Advanced VLSI Architecture & Design

 

Extended Summer Session- 2002 (June 3 – August 8)

 

Course Description:  It is becoming generally recognized that computationally intensive applications can be sped up considerably by moving them from execution on conventional Von Neumann CPU-class machines (either singly or in clusters) to implementations in custom array-based logic—either in ASICs or FPGAs.  As shown in the accompanying figure, there is a continuum across which there are many different possible architectures that can be proposed for a given set of behaviors—whether algorithm or protocol.  We will investigate possible architectures that can be formulated for computationally intensive problems in several domains of interest.

 

 

1.        Wireless LAN:  We will architect, design and realize selected portions of the 802.11 wireless local area network protocol in a full-custom logic architecture.  Most realizations of the 802.11 protocol stack (the PHY and MAC layers) have been executed using one or more core CPUs embedded into the system.  The benefit of using CPU cores is speed of design (through embedded systems programming of the algorithms and protocols in a language such as C) and flexibility (in that the CPUs can be easily reprogrammed).  However, there is a cost in speed and throughput—where is certain situations, the 802.11 system may not perform at speed in highly noisy environments.  In addition, the requirements of low-power, mobile computing require platform footprints that are smaller, faster and less resource consuming.  Hence, the impetus for investigating 802.11b/a/e/f is to provide a more optimized solution based on application-specific architecture creation.
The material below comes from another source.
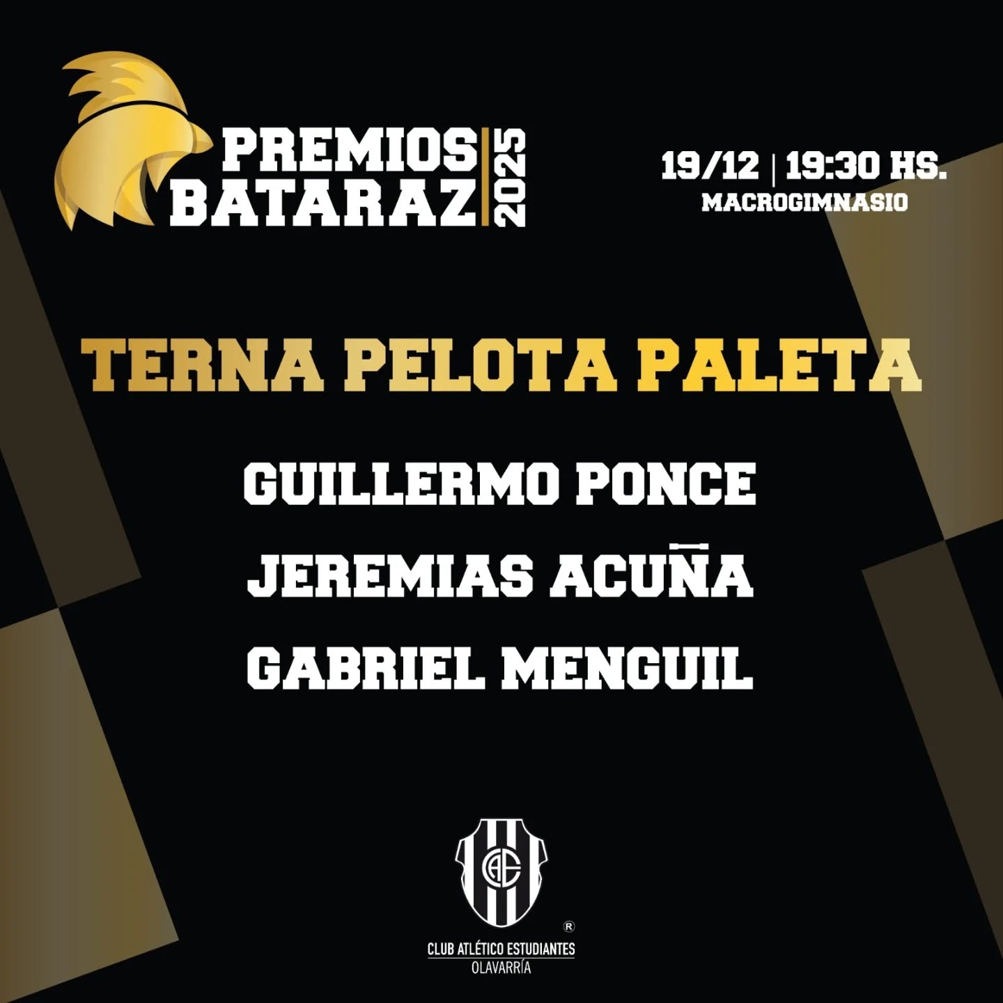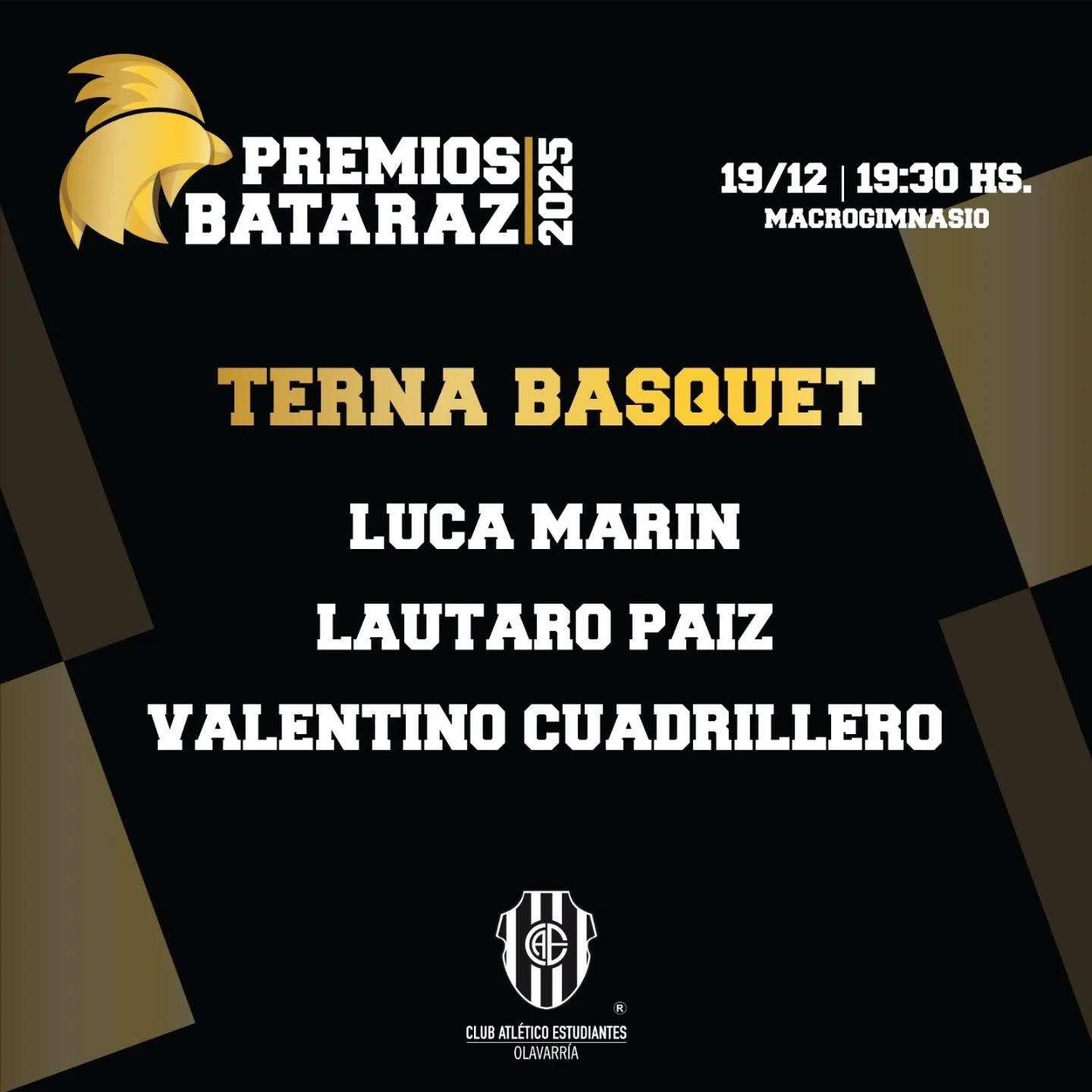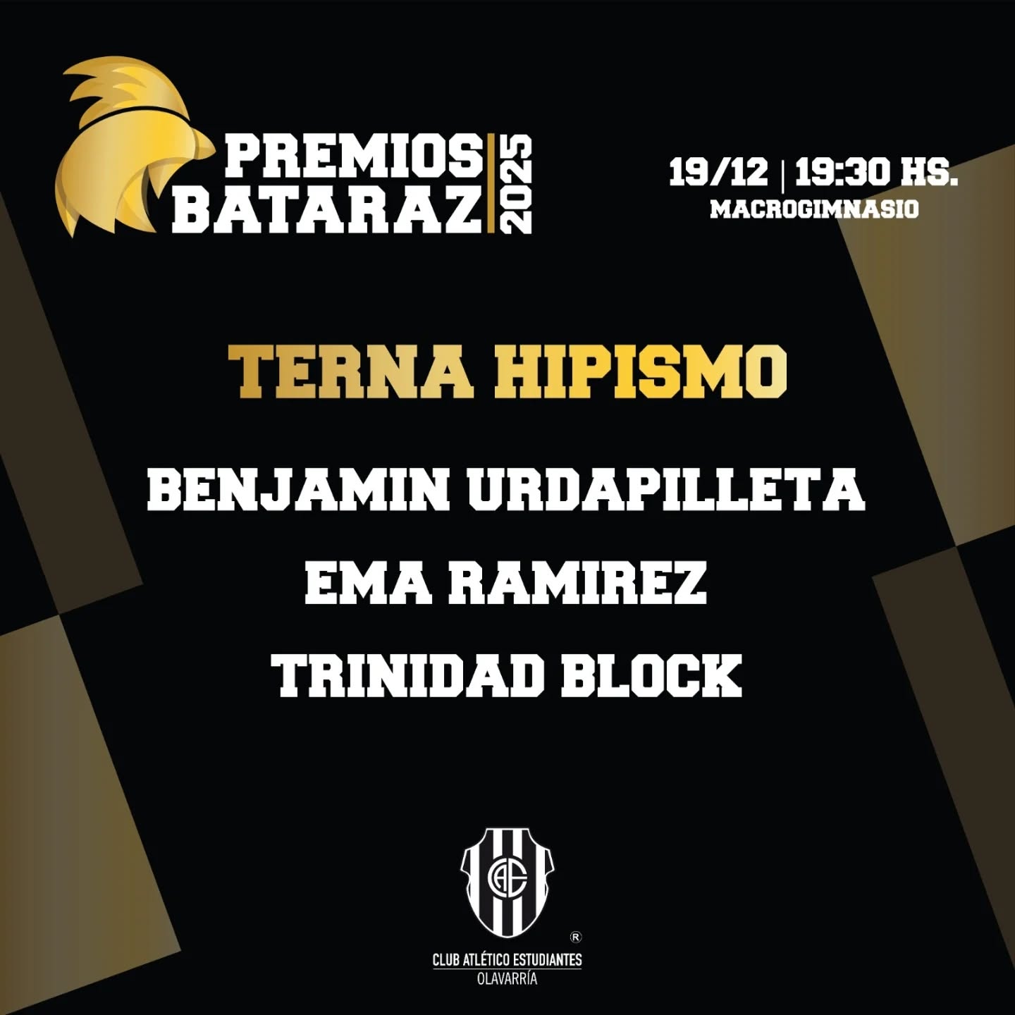 La Comisión Directiva del Club Atlético Estudiantes tiene el agrado de invitar a sus socios y socias a participar de la ceremonia de cierre de año, en la que se realizará la entrega de los Premios Bataraz 2025, distinción que reconoce a los y las deportistas más destacados de la institución a lo largo de la temporada.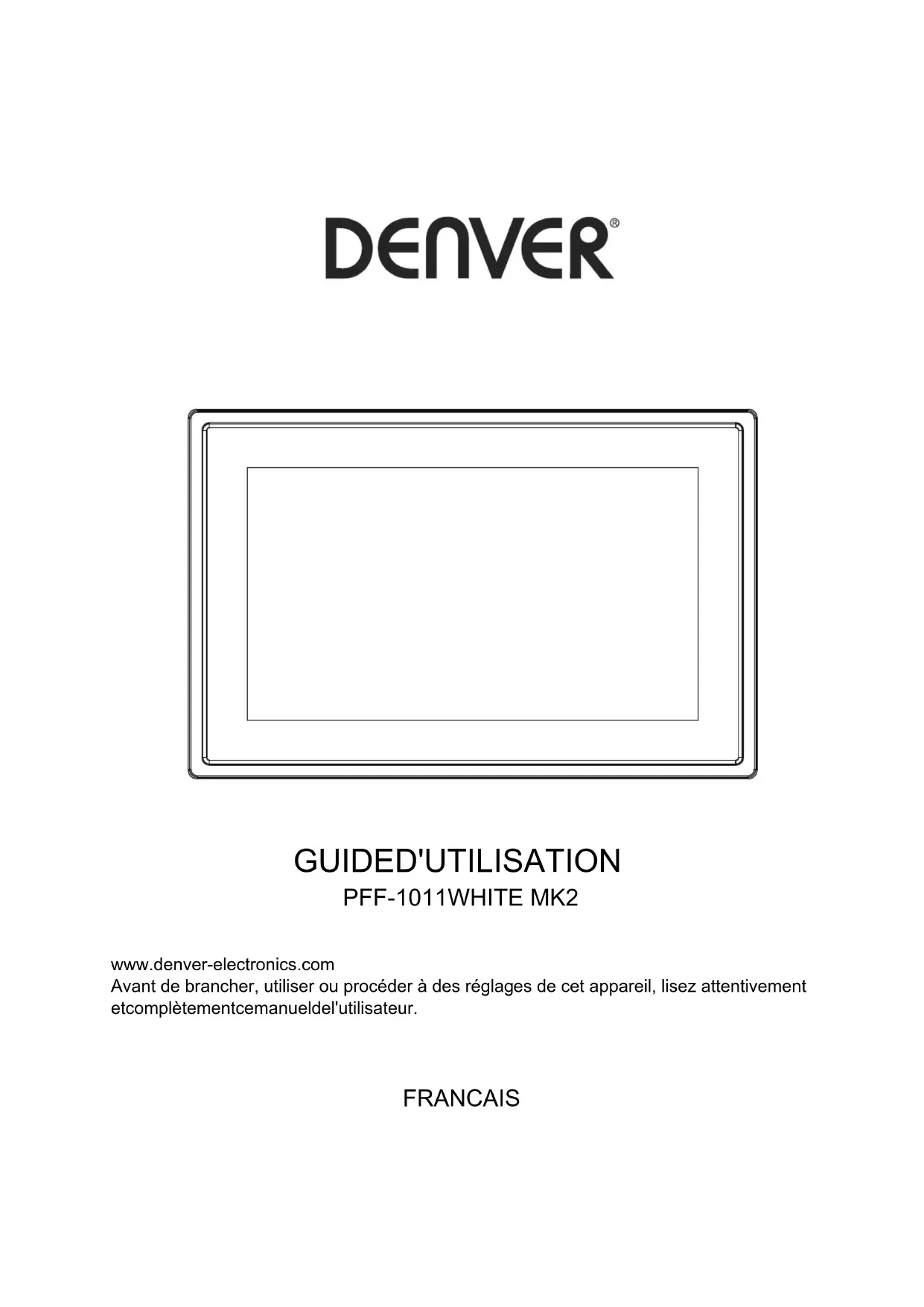 GUIDE D'UTILISATION www.denver-electronics.com Avant de brancher, utiliser ou procéder à des réglages de cet appareil, lisez attentivement et complètement ce manuel de l'utilisateur. FRANCAIS PFF-1011WHITE MK2Appuyer pour allumer ou éteindre l’écran, ou appuyer environ secondes

2.        Phylogenetics:  We will investigate optimal architectures for implementing bioinformatics algorithms involved in the analysis of species taxa distance data associated with constructing trees indicating possible evolution paths based on distance data collected and extracted from genomic data sets.  Many existing algorithms, written in C, exist, and benchmark data for execution on conventional platforms has been collected.  We will design synthesizable VLSI architectures and benchmark their execution in FPGA hardware against baseline data for execution in C software.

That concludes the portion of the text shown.